Assigned task: Every entry, start to finish, should be printed verbatim without pictures.
Given entries: Begin
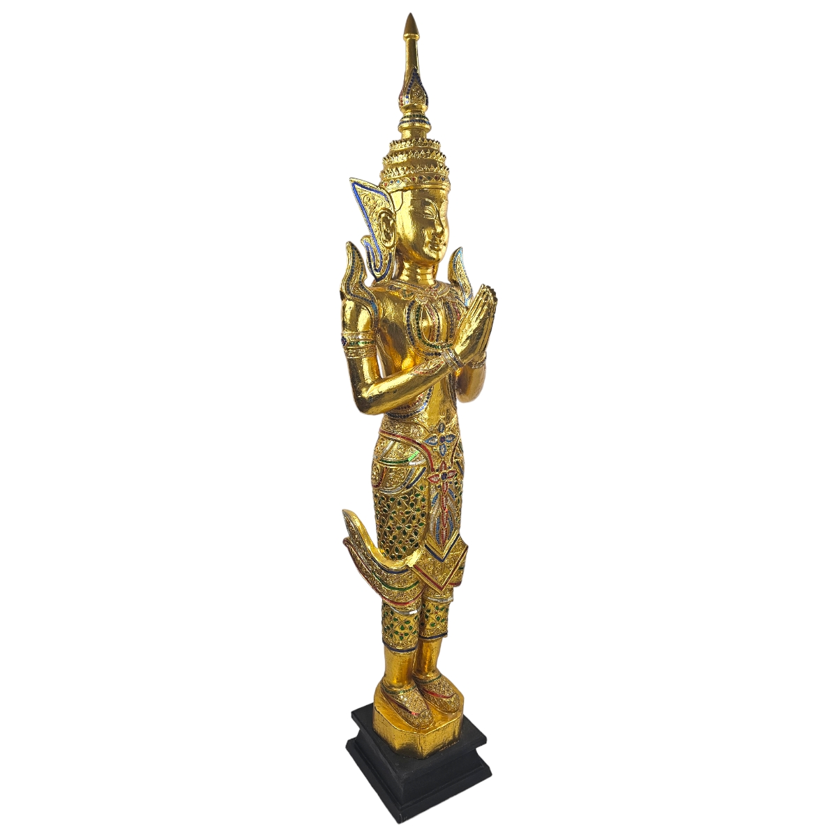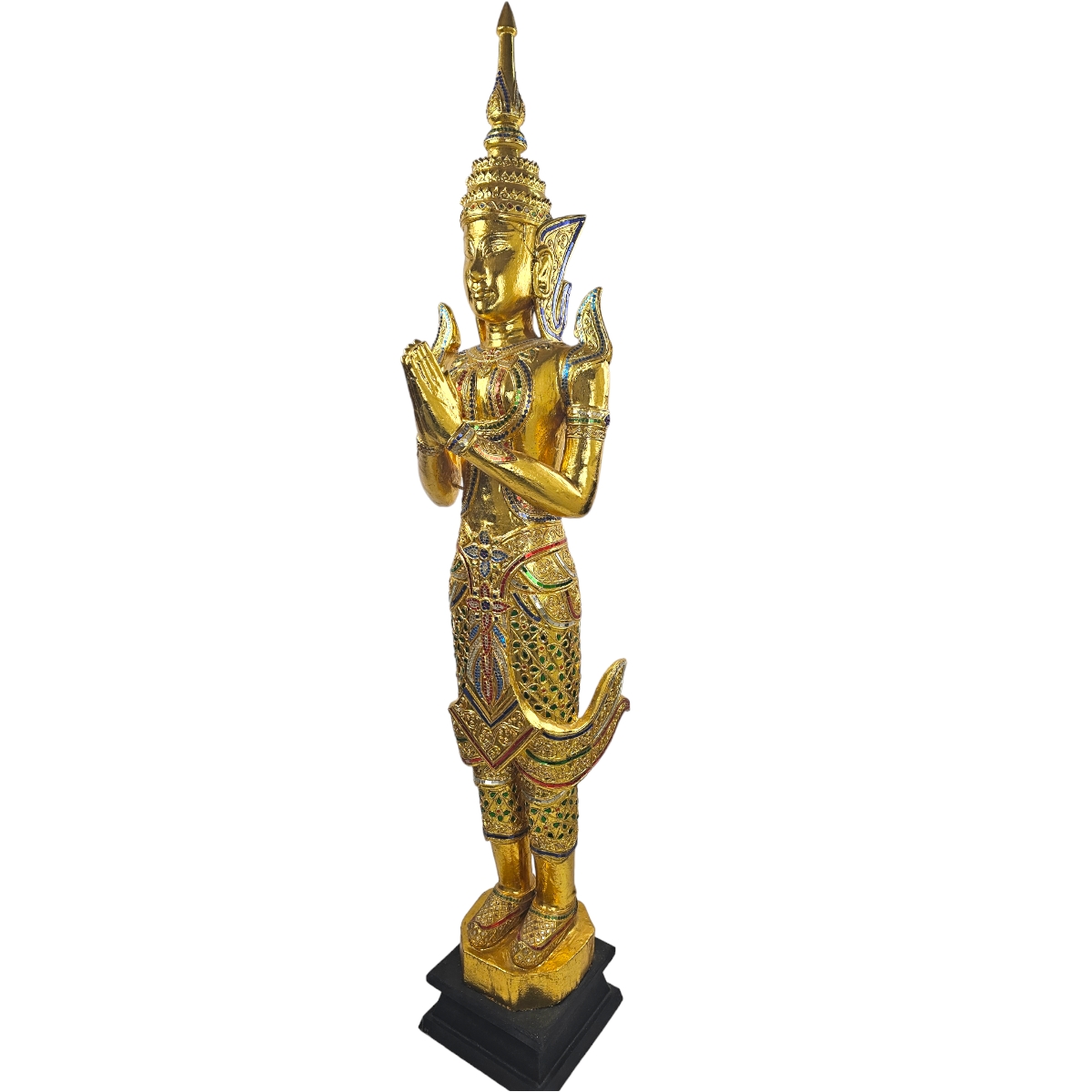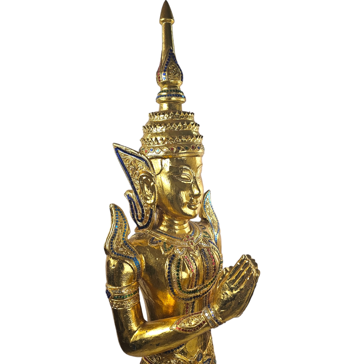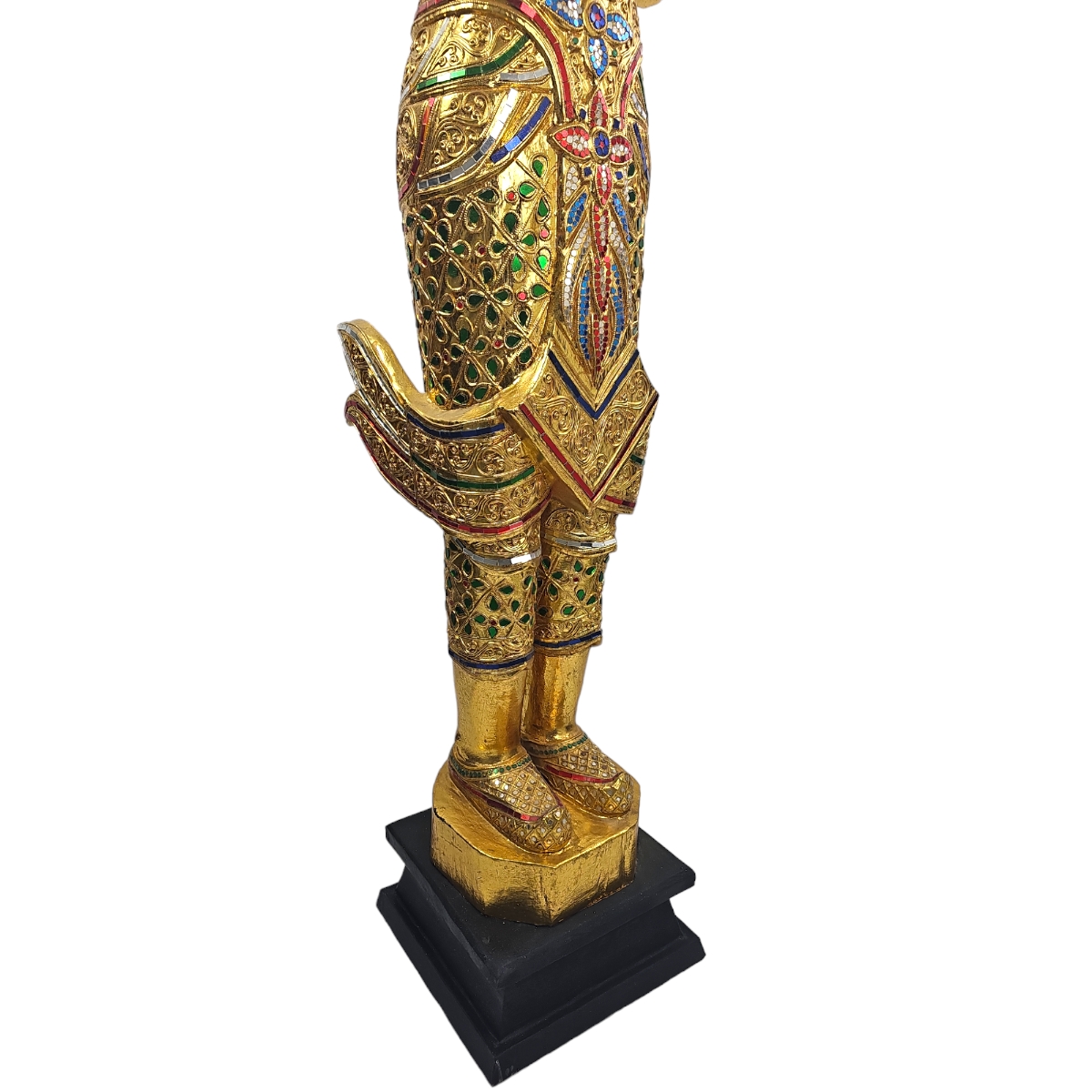 Schaffen Sie eine Atmosphäre von Frieden und Gelassenheit mit diesem handgefertigten Buddha aus Thailand. Unser Buddha ist ein echtes Unikat und strahlt spirituelle Ruhe und eine bezaubernde Energie aus. Gefertigt aus Holz, ist es in einer goldener Farbe gehalten, die an die Götterstatuen alter Tempel erinnert. Hervorzuheben ist die detailverliebte Verzierung mit Mosaiksteinen, die den Buddha in ein mystisches Licht tauchen. Diese einzigartige Mischung aus traditionellem Kunsthandwerk und modernem Design macht diesen Buddha zum absoluten Highlight in jedem Raum. Egal ob Sie nach einem Stück Spiritualität für Ihr Zuhause suchen oder ein besonderes Geschenk für einen geliebten Menschen - Unser Alt Schwarzer Buddha ist mehr als nur eine Dekoration. Er ist ein Symbol für innere Ruhe und Gelassenheit, handgefertigt mit viel Liebe zum Detail. Entdecken Sie die Faszination dieses einzigartigen und spirituellen Kunstwerks. Bestellen Sie Ihren Alt Schwarzen Buddha noch heute!
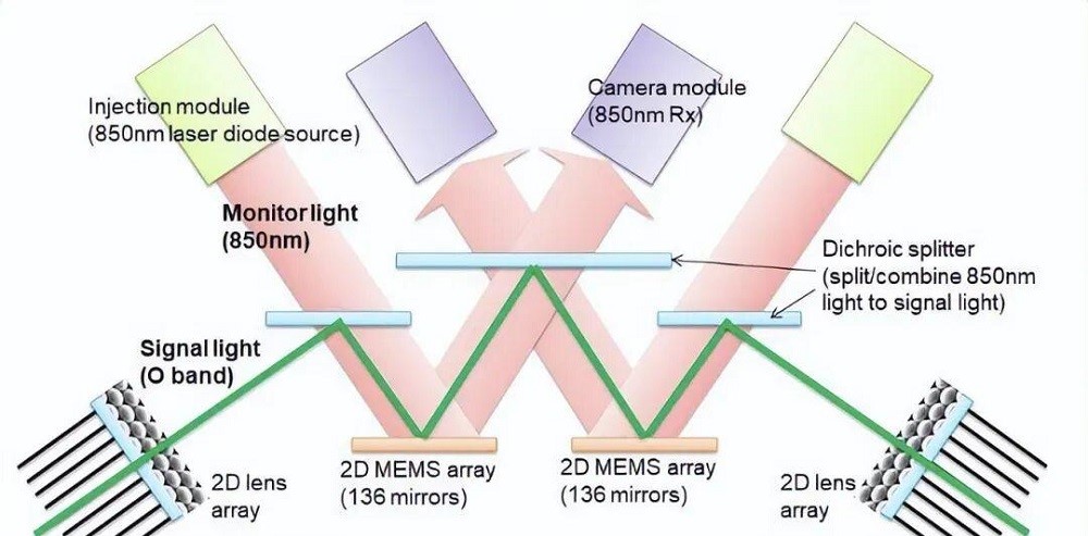 在这些技术路径中,MEMS(微机电系统)OCS是目前相对成熟的一类方案。该方案通过微型可动反射镜阵列改变光束传播方向,实现端口之间的光路重构。
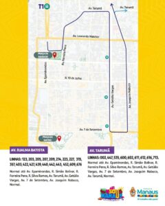 As linhas que atendem a avenida Tarumã (002, 447, 535, 600, 602, 611, 612, 616 e 713) seguem normal até avenida Epaminondas e depois pelas ruas Simão Bolivar, Ferreira Pena, Silva Ramos, avenidas Tarumã, Getúlio Vargas, 7 de Setembro, Joaquim Nabuco e novamente avenida Tarumã, para depois seguir itinerário normal.
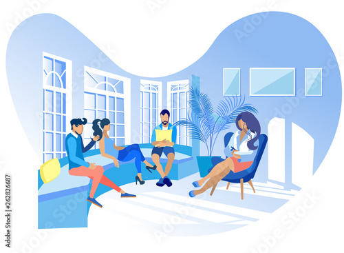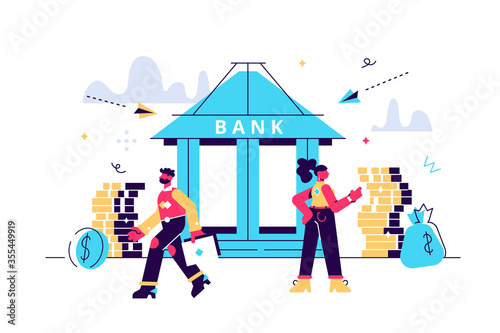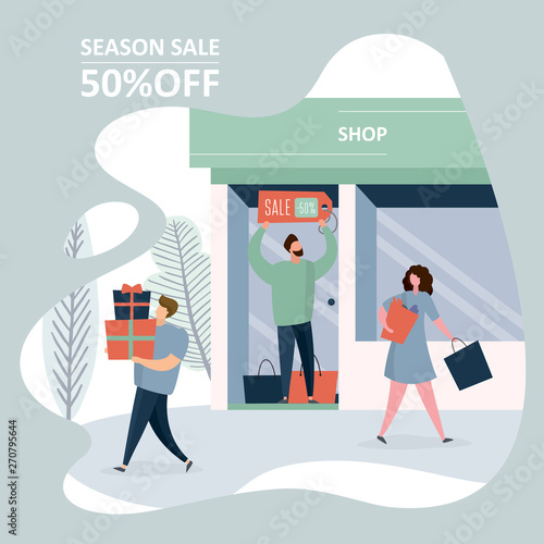 Happy women shopping, flat vector illustration. Shop building. Beautiful ladies carrying shopping bags with purchases.
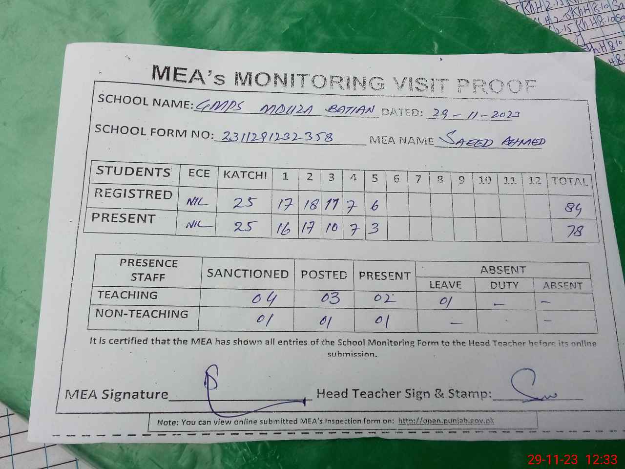 | Attendance Register | Head Teacher | MEA with School | Visit Proof |
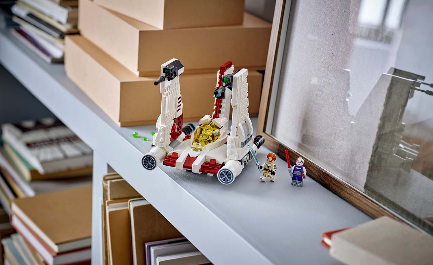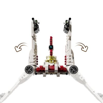 • LEGO® brick-built Star Wars™ starfighter – Features an opening cockpit, adjustable wings for flight and landing modes and 2 stud shooters for fantasy battle play
Given entries: End
Output of the task:
 Schaffen Sie eine Atmosphäre von Frieden und Gelassenheit mit diesem handgefertigten Buddha aus Thailand. Unser Buddha ist ein echtes Unikat und strahlt spirituelle Ruhe und eine bezaubernde Energie aus. Gefertigt aus Holz, ist es in einer goldener Farbe gehalten, die an die Götterstatuen alter Tempel erinnert. Hervorzuheben ist die detailverliebte Verzierung mit Mosaiksteinen, die den Buddha in ein mystisches Licht tauchen. Diese einzigartige Mischung aus traditionellem Kunsthandwerk und modernem Design macht diesen Buddha zum absoluten Highlight in jedem Raum. Egal ob Sie nach einem Stück Spiritualität für Ihr Zuhause suchen oder ein besonderes Geschenk für einen geliebten Menschen - Unser Alt Schwarzer Buddha ist mehr als nur eine Dekoration. Er ist ein Symbol für innere Ruhe und Gelassenheit, handgefertigt mit viel Liebe zum Detail. Entdecken Sie die Faszination dieses einzigartigen und spirituellen Kunstwerks. Bestellen Sie Ihren Alt Schwarzen Buddha noch heute!
 在这些技术路径中,MEMS(微机电系统)OCS是目前相对成熟的一类方案。该方案通过微型可动反射镜阵列改变光束传播方向,实现端口之间的光路重构。
 As linhas que atendem a avenida Tarumã (002, 447, 535, 600, 602, 611, 612, 616 e 713) seguem normal até avenida Epaminondas e depois pelas ruas Simão Bolivar, Ferreira Pena, Silva Ramos, avenidas Tarumã, Getúlio Vargas, 7 de Setembro, Joaquim Nabuco e novamente avenida Tarumã, para depois seguir itinerário normal.
 Happy women shopping, flat vector illustration. Shop building. Beautiful ladies carrying shopping bags with purchases.
 | Attendance Register | Head Teacher | MEA with School | Visit Proof |
 • LEGO® brick-built Star Wars™ starfighter – Features an opening cockpit, adjustable wings for flight and landing modes and 2 stud shooters for fantasy battle play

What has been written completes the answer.